Because it was fun. Because I love the company of journalists. Because I love their casual, competitive intelligence, their
ranty partisan opinions, the way they compete to reduce everything on earth to a five-word headline, their cynical search
for the perfect pejorative. Because I’m tired of being good, and I’m tired of being patient, because I’ve been living it small
for months now and I just needed to kick over the traces, and because I got caught early for my round in the White Horse and
wanted to get my money’s worth back. Because you can’t describe what a town where people come to go on benders is like unless
you’ve gone on one there yourself. Because, despite the heartless carapace we all carry around with us, spending a day digging
up the detail on the deaths of five young girls is depressing enough to drive anyone to the bottle. And because I just bloody
forgot about this dinner party.
The door bangs back and Jim enters, the sociable-host smile dropping from his face as he crosses the threshold. He lets the
door swing to before he speaks. ‘Fuck’s sake, Kirsty,’ he mutters. ‘What’ve you been doing?’
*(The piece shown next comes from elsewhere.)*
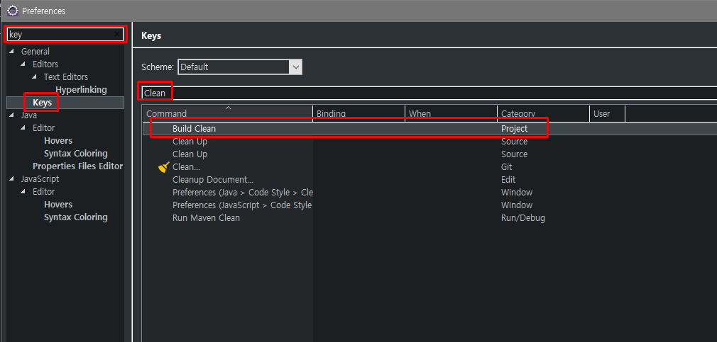 그럴 때 클린을 실행 할 텐데 마우스로 하는게 불편해서 키세팅을 찾아보았다.
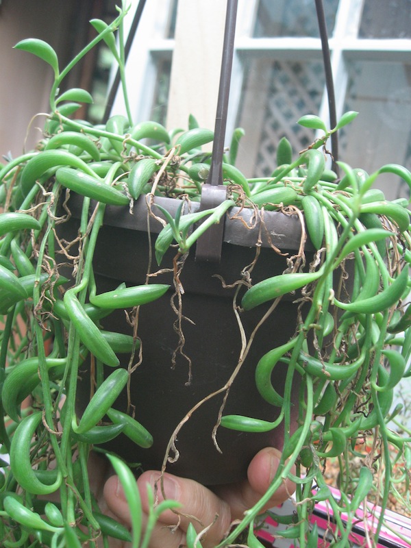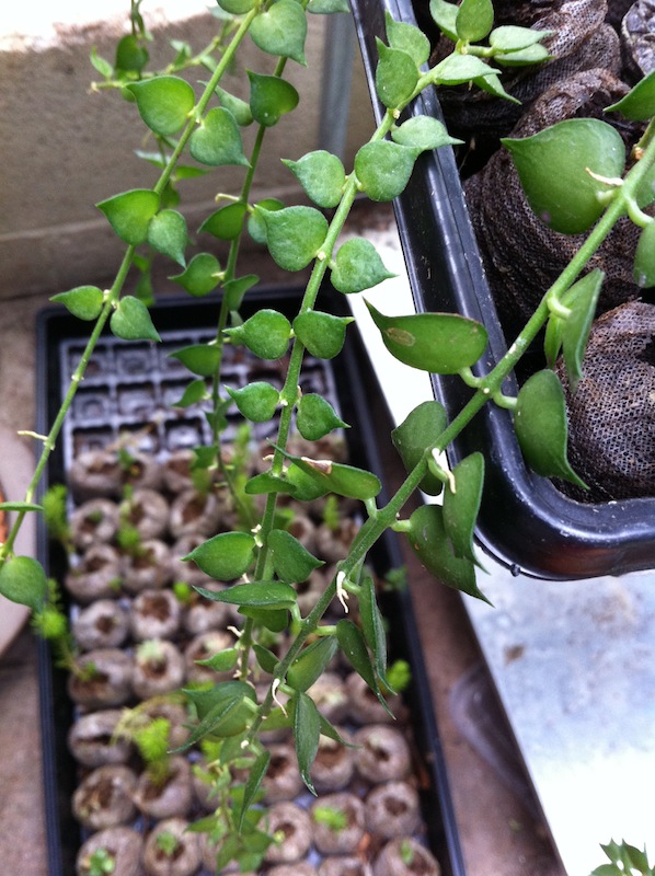 For my Venomous Tentacula I will use Senecio radican glauca, also known as “String of Bananas.” Doesn’t sound threatening but I have been growing long strands of them and will hang them from the ceiling of the greenhouse. They will live inside this cage which obviously they have broken out of!

Her skin feels raw under the thick layer of make-up she’s slathered on to hide her pallor. ‘Sorry,’ she says. ‘Had to take
a painkiller.’
Jim’s jaw is set like concrete as he snatches up the salad bags. ‘Christ,’ he says. ‘I’ll do it. You open the salmon.’
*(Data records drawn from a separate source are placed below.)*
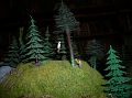 Modelovou železnici jsem viděl naposledy někdy kolem roku 1985, takže železnici s větším rozchodem kol než v té době běžným jsem viděl poprvé v životě (asi jde o velikost O?). Ta mne zaujala nejvíce i díky rozličným efektům. Např. při brzdění vlaku realisticky pískaly brzdy. Vagony byly mezi sebou spojeny nejspíš magnetem (žádný háček a naproti dírka). Stálo za to počkat si na spuštění parní lokomotivy, která mě absolutně dostala svojí realistickou funkčností. Mám pocit, že nejenom charakteristický zvuk parního stroje ale i kouř z komína se měnil podle rychlosti jízdy. Hustota kouře byla dle mého názoru zcela měřítková.
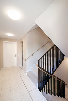Auf einem ehemaligen Garagenhof einer Zeilenbausiedlung aus den 60ern bietet das Mehrfamilienhaus 20 zumTeil barrierefreie Wohnungen mit Aufzug. Das L-förmige Gebäude bildet mit seiner plastischen Kammputzfassade und rhythmisch angeordneten Balkonen an der Straßenecke einen modernen und urbanen 5-geschossigen Kopf mit markanter Verglasung. Die Wohnungen sind im Osten zu einem Freibereich mit Laubengängen erschlossen und bilden den Auftakt einer zukünftigen Nachver-dichtung zu einem U-förmigen Hof.
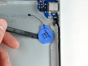 С помощью пластикового инструмента подденьте PRAM-батарею из нижнего корпуса.
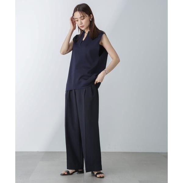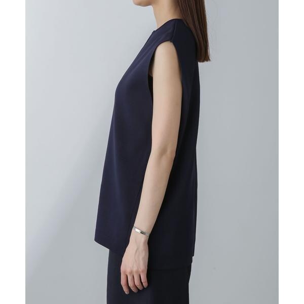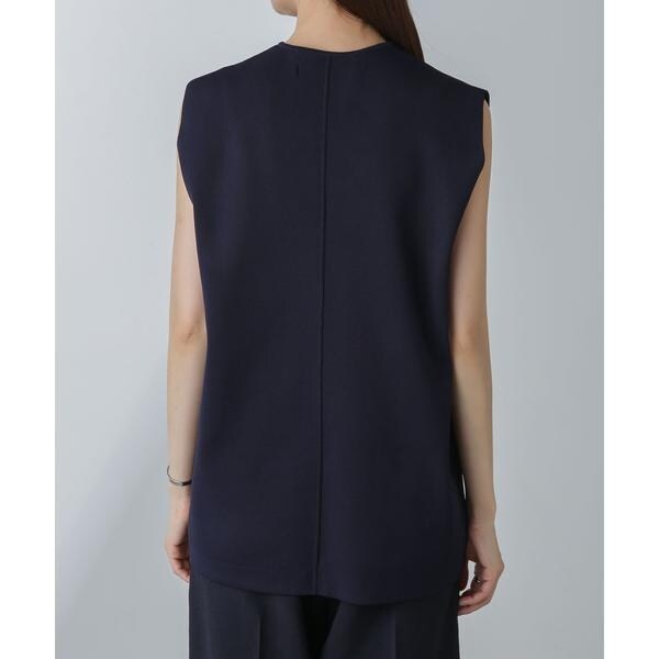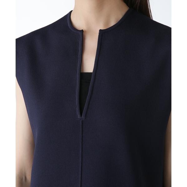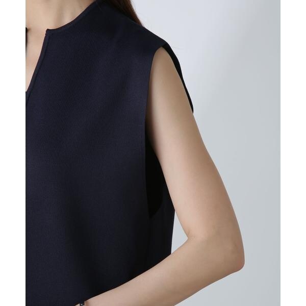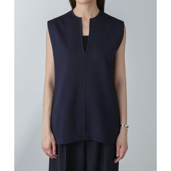 着こなしのアレンジを楽しめるノースリーブニット。深めに開いたキーネックデザインで、すっきりとした印象に仕上がるのが魅力的。下にカットソーをインしてジレとしてレイヤードする等、合わせるアイテムにより幅広く着回せる一品です。
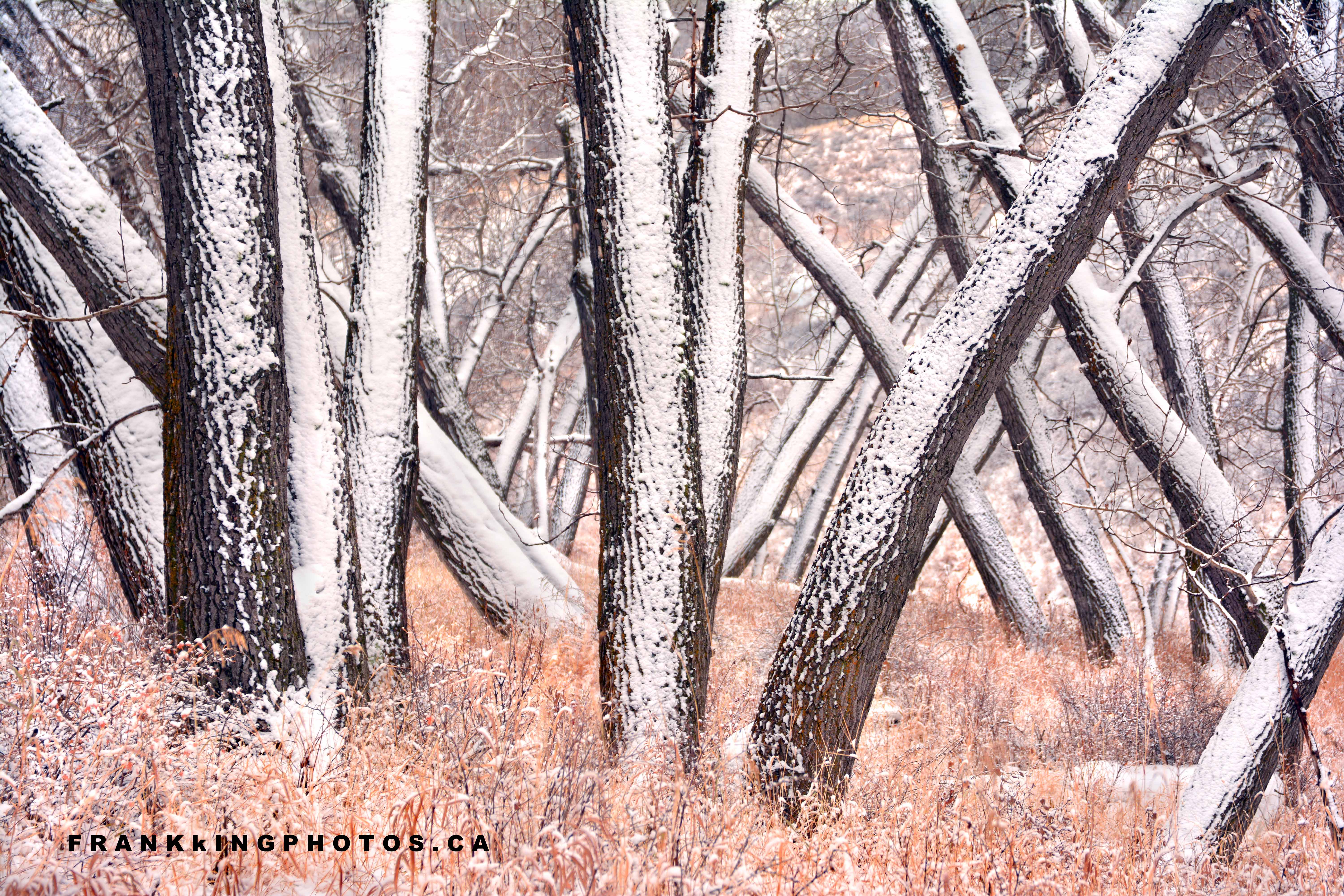 The seemingly random pattern of snowy cottonwood tree trunks grabbed my attention. The trick was to photography them in such a way as to make sense of all the directions of the trunks, and enhance the scene with the wild grass at the bottom. How did I do? PS: this section of forest has a path through it and I tried a photo with me in the scene. Here’s the result: https://wp.me/p2ccTX-10P. Nikon D7100, tripod.

He turns his back and rips open the packets. Pea-shoots, watercress and rocket, the TV-chef dream combo. A small earthenware
jug of dressing he made this afternoon waits by the salad bowl. He dumps the leaves in, sloshes on the dressing and starts
tossing. Miserably, Kirsty finds the kitchen scissors and begins cutting open the salmon. Her hands are shaking, visibly.
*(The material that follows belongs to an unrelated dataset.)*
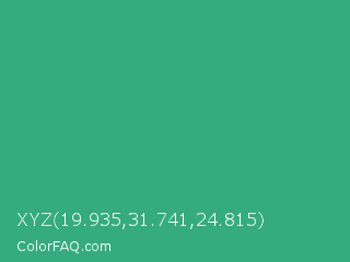 XYZ 19.935,31.741,24.815 Color is a normal green color and the nearest color is Jungle Green #29ab87. Hex code #34ac7e and RGB value is rgb(52,172,126). In RGB color space, this color is composed of 20% red, 67% green, 49% blue, In CMYK color space, this color is composed of 70% cyan, 0% magenta, 27% yellow , 33% black , In HSL color space, this color has a hue angle of 157° , 54% saturation and 44% lightness.
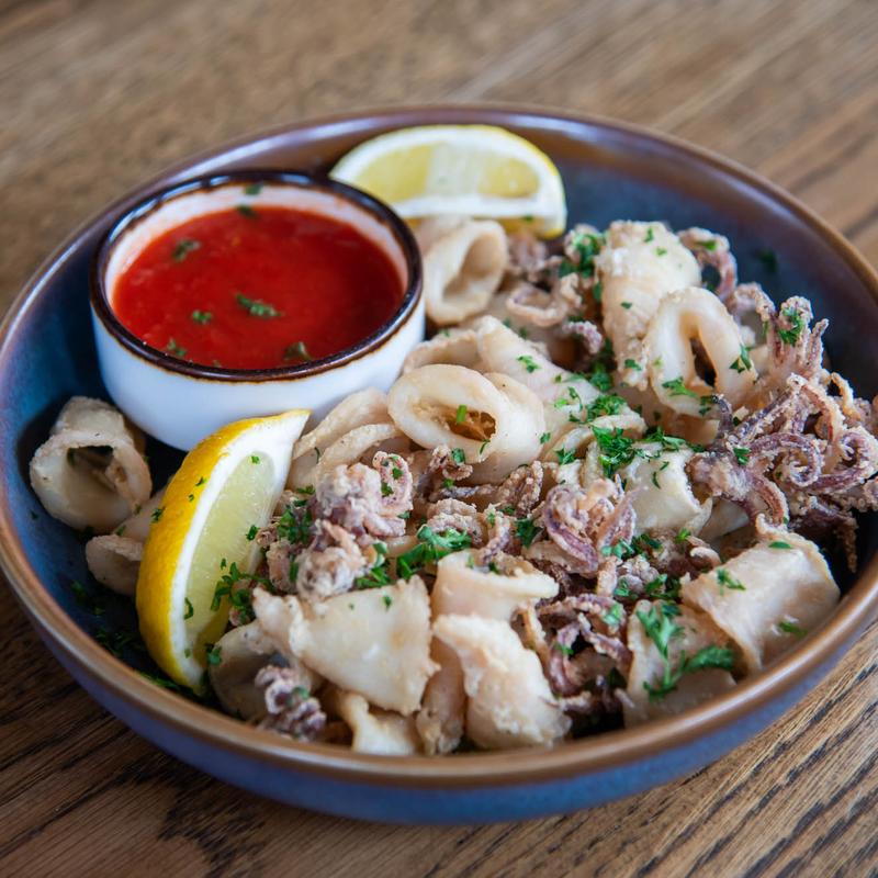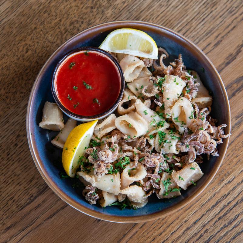 Fried calamari, marinara, lemon.

‘Sorry, Jim,’ she says for the eighteenth time, laying the slices of fish as neatly as she can on to the plates. ‘I’m really
sorry. I didn’t mean to.’
He’s so angry he can’t even look at her as he dishes the salad out next to the fish. ‘I really don’t think sorry’s good enough
right now. You
knew
how important tonight was. You’re just …
selfish
. I can’t think of another word for it. Just bloody
selfish
.’
‘Yes,’ she says, penitently. ‘I know. It was. I am. And I’m really, really sorry.’
Miserably, she cuts open a sachet of the mustard sauce that came in the packet. Squeezes it over a portion of fish.
‘
NO!
’ He grabs her wrist and his cry is loud enough to be heard through the door. The murmur of voices dies down for a moment.
Someone giggles.
‘What?’
‘Don’t use the
packet
stuff, you idiot. I made some.’ He flourishes a beaker of identical yellow glop that’s been sitting by the sink.
‘Oh shit, sorry.’
He shakes his head again, suppressing his rage with difficulty. ‘Look, just get out of the way. I’ll do it. I can’t believe
you’d do this to me. These are people who eat in restaurants all the time. Like they’re not going to notice the sauce came
out of a packet.’
‘Sorry,’ says her autopilot. She feels so wretched she’s amazed she’s still on her feet. All she wants to do is curl up in
front of the telly and doze until bedtime. I will never drink again, she thinks, for the 763rd time in her life.